> _ABOUT THIS EXERCISE_
Copy out the full listing exactly, omitting any picture it contains.
*** DATA EXTRACT ***
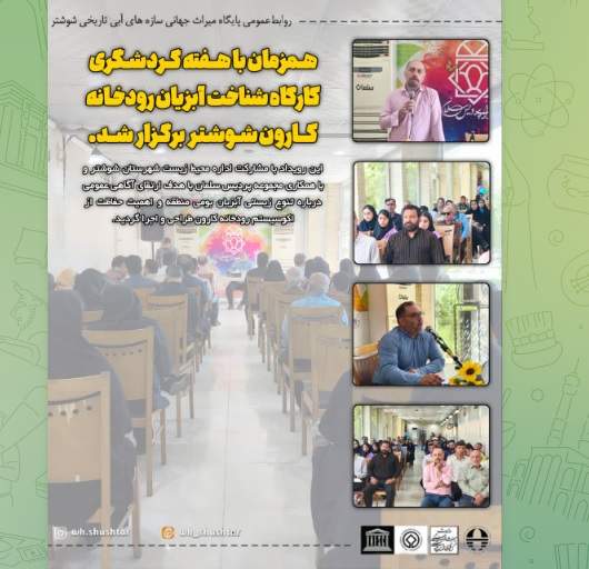 سرپرست پایگاه میراث جهانی سازههای آبی ـ تاریخی شوشتر ادامه داد: کارگاه شناخت آبزیان رودخانه کارون با مشارکت پایگاه میراث جهانی سازههای آبی ـ تاریخی شوشتر و اداره محیط زیست شوشتر برگزار شد تا ضمن معرفی گونههای بومی و اهمیت زیستمحیطی آنها راهکارهایی برای حفاظت از این منابع طبیعی ارزشمند ارایه شود.
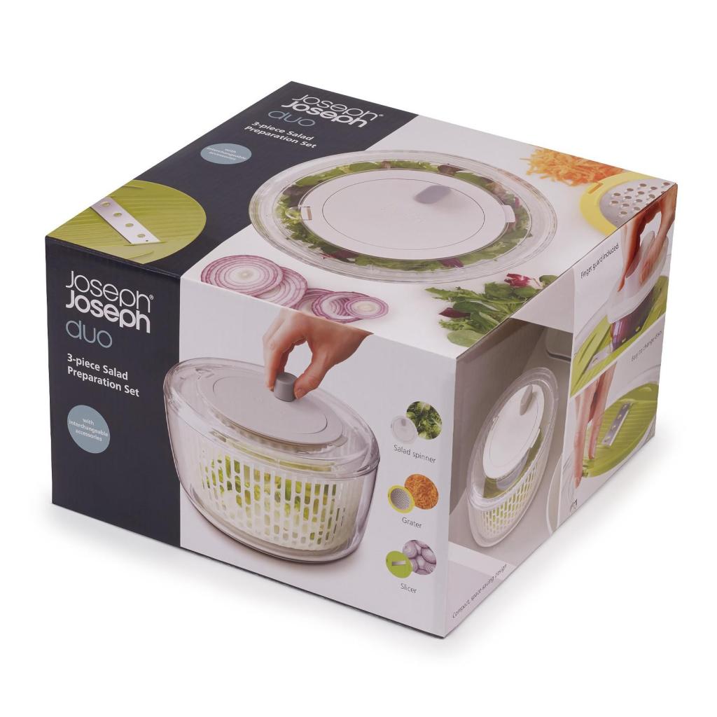 - Šalátová súprava Joseph Joseph DUO je univerzálny pomocník pre rýchlu a pohodlnú prípravu čerstvých šalátov aj zeleninových príloh v každodennej kuchyni.
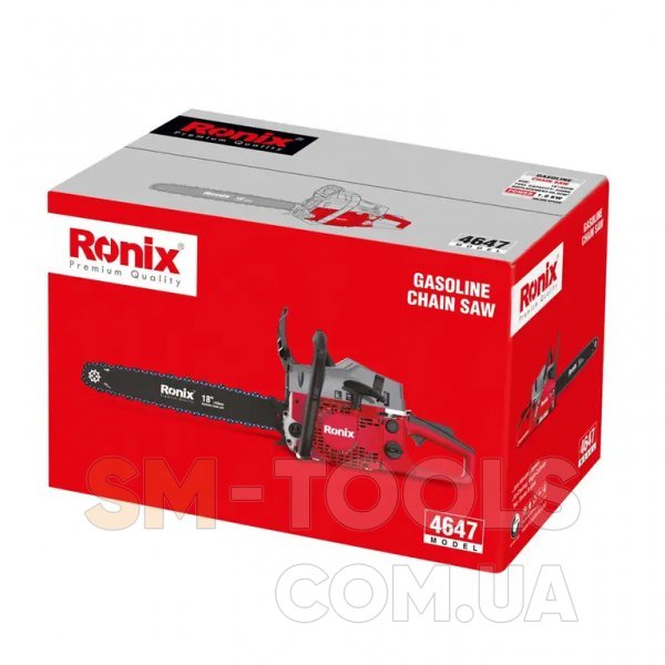 Бензопила Ronix 4647 - идеальный инструмент для распиливания самых толстых стволов деревьев за короткое время и с максимальной точностью. Благодаря своим удобным функциям модель Ronix 4647 способна высокоэффективно справиться с любыми задачами по разрезанию, которые могут возникнуть в лесу или саду. ## Двигатель и механизм Двигатель мощностью 1900 Вт с рабочим объемом 49.3 куб. см делает эту бензопилу способной развивать скорость холостого хода до 3000 об/мин и 8500 об/мин с режущей насадкой, обеспечивая высокую производительность при распиливании материала, имея режущую способность от 40 до 45 см. Бензопила имеет топливный бак объемом 550 мл и масляный бак объемом 260 мл с коэффициентом смешивания масла и бензина 1:25. Система подачи масла в этой модели - это механический плунжерный насос с регулятором для эффективной работы. Благодаря системе зажигания CDI с усовершенствованной функцией синхронизации, пользователи могут наслаждаться мощной и плавной работой этого инструмента. Бензопила также оснащена новой системой умного запуска, благодаря которой инструмент запускается легче и с меньшими усилиями. Система сцепления имеет новую конструкцию, которая обеспечивает лучшую производительность и высокую эффективность, а уникальная конструкция выхлопной системы уменьшает расход топлива и минимизирует выбросы бензина. ## Система смазки Бензопила Ronix 4647 оснащена автоматической системой смазки, которая уменьшает трение между шиной и цепью и обеспечивает более плавное и легкое разрезание. ## Карбюратор Двигатели бензопилы являются двухтактными, а это значит, что двигатель не имеет отдельного бака для масла. Поэтому эта бензопила оснащена диафрагменным карбюратором, который регулирует смесь воздуха с маслом и бензином в соотношении 1:25 и заливает ее в топливный бак, обеспечивая лучшую производительность инструмента. ## Корпус Модель Ronix 4647 весит всего 7 кг без шины, цепи и с пустыми баками. Она оснащена антивибрационной системой, которая предназначена для уменьшения усталости рук во время длительной работы. Длительное использование бензопилы без этой функции может вызвать онемение рук и привести к вибрационной болезни (HAVS). ## Безопасность Эта бензопила оснащена специальным предохранительным механизмом, который уменьшает риск получения травм во время использования инструмента. ## Упаковка и комплектация Бензопила 4647 поставляется в цветной коробке Ronix, в которую входят следующие комплектующие: пила, направляющая шина, рукав направляющей шины, бутылка, отвертка, рашпиль и торцевой ключ. ## Особенности - 2-цилиндровый двигатель мощностью 1900 Вт с рабочим объемом 49.3 куб. см и высокой производительностью - Автоматическая система смазки уменьшает трение между шиной и цепью и делает разрезание более плавным и легким - Антивибрационная система обеспечивает более комфортное использование инструмента и уменьшает усталость во время длительной работы - Специальный предохранительный механизм снижает риск травмирования во время распиловки - Новая система умного запуска облегчает запуск бензопилы - Новая система зажигания гарантирует мощную и плавную работу - Специальная конструкция выхлопной системы снижает расход топлива и минимизирует выбросы бензина - Новая конструкция системы сцепления обеспечивает лучшую производительность и более высокую эфф
*** End of DATA EXTRACT ***
> _RESPONSE TO THIS TASK_
 سرپرست پایگاه میراث جهانی سازههای آبی ـ تاریخی شوشتر ادامه داد: کارگاه شناخت آبزیان رودخانه کارون با مشارکت پایگاه میراث جهانی سازههای آبی ـ تاریخی شوشتر و اداره محیط زیست شوشتر برگزار شد تا ضمن معرفی گونههای بومی و اهمیت زیستمحیطی آنها راهکارهایی برای حفاظت از این منابع طبیعی ارزشمند ارایه شود.
 - Šalátová súprava Joseph Joseph DUO je univerzálny pomocník pre rýchlu a pohodlnú prípravu čerstvých šalátov aj zeleninových príloh v každodennej kuchyni.
 Бензопила Ronix 4647 - идеальный инструмент для распиливания самых толстых стволов деревьев за короткое время и с максимальной точностью. Благодаря своим удобным функциям модель Ronix 4647 способна высокоэффективно справиться с любыми задачами по разрезанию, которые могут возникнуть в лесу или саду. ## Двигатель и механизм Двигатель мощностью 1900 Вт с рабочим объемом 49.3 куб. см делает эту бензопилу способной развивать скорость холостого хода до 3000 об/мин и 8500 об/мин с режущей насадкой, обеспечивая высокую производительность при распиливании материала, имея режущую способность от 40 до 45 см. Бензопила имеет топливный бак объемом 550 мл и масляный бак объемом 260 мл с коэффициентом смешивания масла и бензина 1:25. Система подачи масла в этой модели - это механический плунжерный насос с регулятором для эффективной работы. Благодаря системе зажигания CDI с усовершенствованной функцией синхронизации, пользователи могут наслаждаться мощной и плавной работой этого инструмента. Бензопила также оснащена новой системой умного запуска, благодаря которой инструмент запускается легче и с меньшими усилиями. Система сцепления имеет новую конструкцию, которая обеспечивает лучшую производительность и высокую эффективность, а уникальная конструкция выхлопной системы уменьшает расход топлива и минимизирует выбросы бензина. ## Система смазки Бензопила Ronix 4647 оснащена автоматической системой смазки, которая уменьшает трение между шиной и цепью и обеспечивает более плавное и легкое разрезание. ## Карбюратор Двигатели бензопилы являются двухтактными, а это значит, что двигатель не имеет отдельного бака для масла. Поэтому эта бензопила оснащена диафрагменным карбюратором, который регулирует смесь воздуха с маслом и бензином в соотношении 1:25 и заливает ее в топливный бак, обеспечивая лучшую производительность инструмента. ## Корпус Модель Ronix 4647 весит всего 7 кг без шины, цепи и с пустыми баками. Она оснащена антивибрационной системой, которая предназначена для уменьшения усталости рук во время длительной работы. Длительное использование бензопилы без этой функции может вызвать онемение рук и привести к вибрационной болезни (HAVS). ## Безопасность Эта бензопила оснащена специальным предохранительным механизмом, который уменьшает риск получения травм во время использования инструмента. ## Упаковка и комплектация Бензопила 4647 поставляется в цветной коробке Ronix, в которую входят следующие комплектующие: пила, направляющая шина, рукав направляющей шины, бутылка, отвертка, рашпиль и торцевой ключ. ## Особенности - 2-цилиндровый двигатель мощностью 1900 Вт с рабочим объемом 49.3 куб. см и высокой производительностью - Автоматическая система смазки уменьшает трение между шиной и цепью и делает разрезание более плавным и легким - Антивибрационная система обеспечивает более комфортное использование инструмента и уменьшает усталость во время длительной работы - Специальный предохранительный механизм снижает риск травмирования во время распиловки - Новая система умного запуска облегчает запуск бензопилы - Новая система зажигания гарантирует мощную и плавную работу - Специальная конструкция выхлопной системы снижает расход топлива и минимизирует выбросы бензина - Новая конструкция системы сцепления обеспечивает лучшую производительность и более высокую эфф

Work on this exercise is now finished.